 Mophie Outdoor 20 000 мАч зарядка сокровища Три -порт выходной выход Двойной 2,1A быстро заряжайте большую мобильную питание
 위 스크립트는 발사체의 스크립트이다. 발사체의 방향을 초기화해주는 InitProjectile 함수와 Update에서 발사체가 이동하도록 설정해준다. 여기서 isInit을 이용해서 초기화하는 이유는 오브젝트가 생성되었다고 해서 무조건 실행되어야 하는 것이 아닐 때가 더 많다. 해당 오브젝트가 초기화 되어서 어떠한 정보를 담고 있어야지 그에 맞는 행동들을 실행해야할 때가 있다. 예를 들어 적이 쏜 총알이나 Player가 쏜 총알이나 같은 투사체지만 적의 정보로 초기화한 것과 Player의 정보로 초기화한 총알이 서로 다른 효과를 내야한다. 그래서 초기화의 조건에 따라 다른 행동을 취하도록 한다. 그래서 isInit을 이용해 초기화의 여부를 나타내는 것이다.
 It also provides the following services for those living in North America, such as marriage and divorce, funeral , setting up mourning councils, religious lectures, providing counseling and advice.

+--

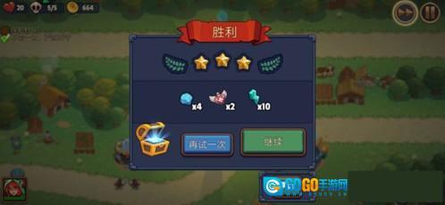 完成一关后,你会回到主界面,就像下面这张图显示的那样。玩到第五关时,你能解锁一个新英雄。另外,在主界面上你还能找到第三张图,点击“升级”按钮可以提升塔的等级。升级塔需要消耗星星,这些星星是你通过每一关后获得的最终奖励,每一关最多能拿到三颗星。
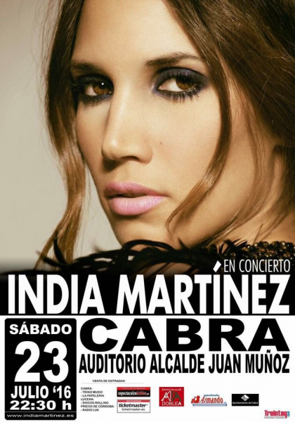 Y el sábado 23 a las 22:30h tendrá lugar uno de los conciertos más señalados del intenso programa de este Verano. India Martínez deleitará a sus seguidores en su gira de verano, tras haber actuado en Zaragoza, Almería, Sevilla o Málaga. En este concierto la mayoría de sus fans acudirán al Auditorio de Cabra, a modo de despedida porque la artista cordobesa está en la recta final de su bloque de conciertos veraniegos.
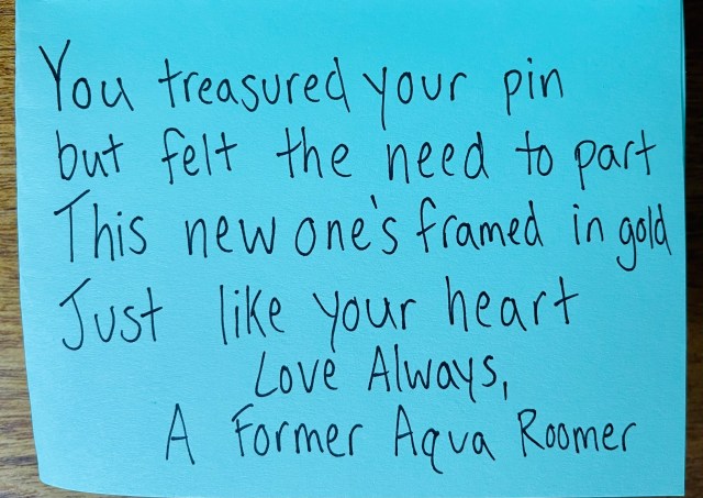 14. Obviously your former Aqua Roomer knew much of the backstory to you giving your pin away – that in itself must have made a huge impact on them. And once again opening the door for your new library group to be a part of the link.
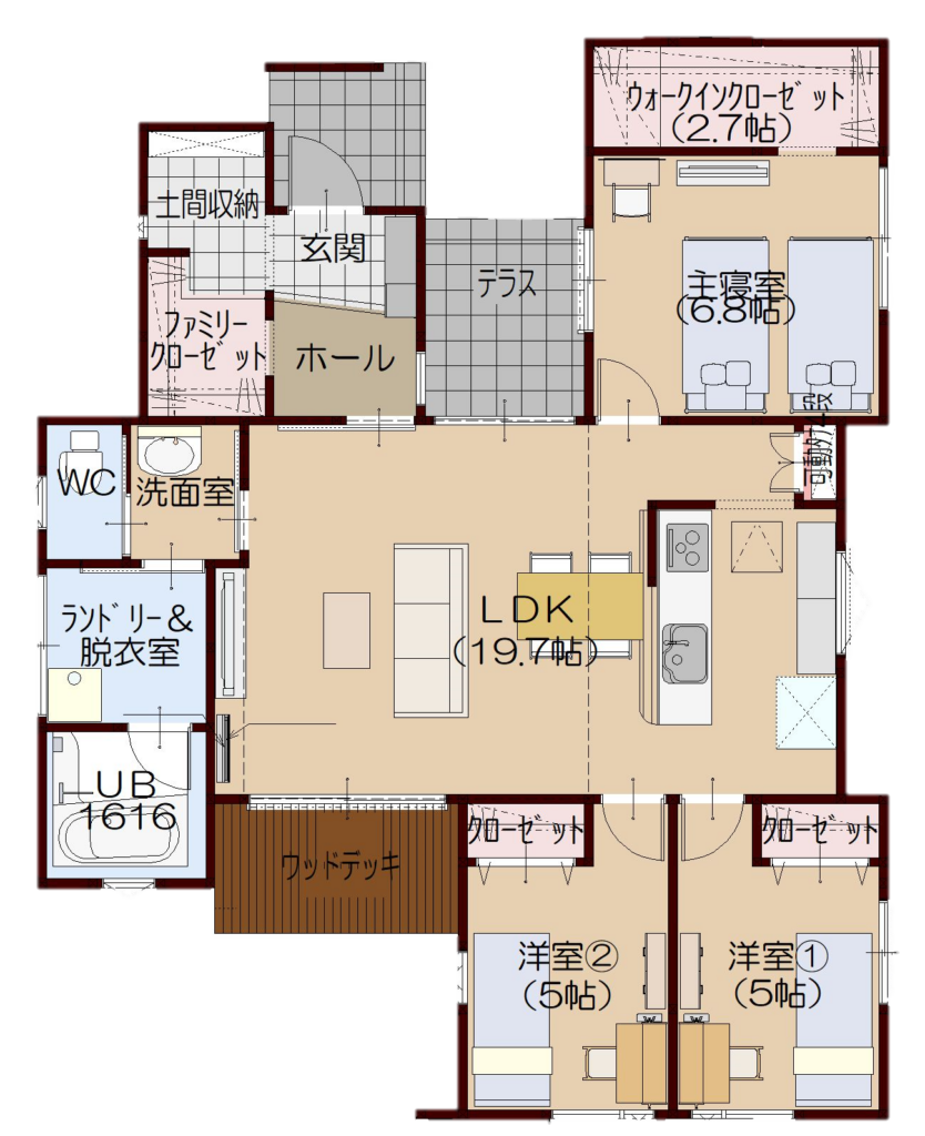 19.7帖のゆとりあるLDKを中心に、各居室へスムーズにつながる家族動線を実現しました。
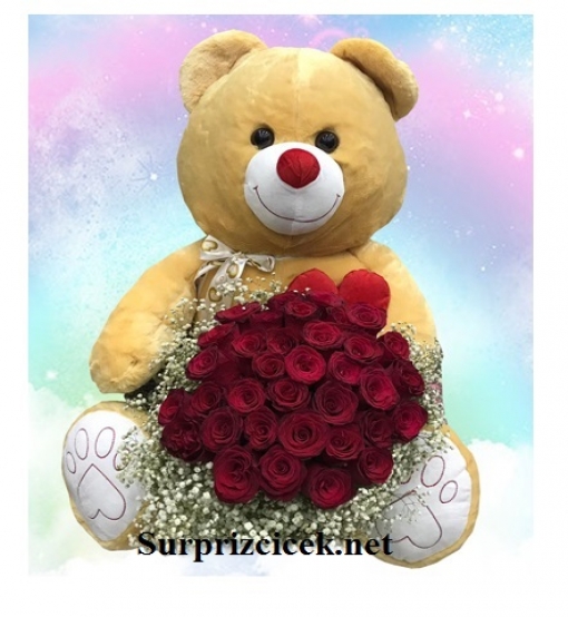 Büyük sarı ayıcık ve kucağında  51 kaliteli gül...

+--

Task details:
Copy word for word the span of the records above that begins at the line with "19.7帖のゆとりあるLDK" and ends at the line with "Büyük sarı ayıcık", including those two lines but not the pictures.

Result for this exercise:
 19.7帖のゆとりあるLDKを中心に、各居室へスムーズにつながる家族動線を実現しました。
 Büyük sarı ayıcık ve kucağında  51 kaliteli gül...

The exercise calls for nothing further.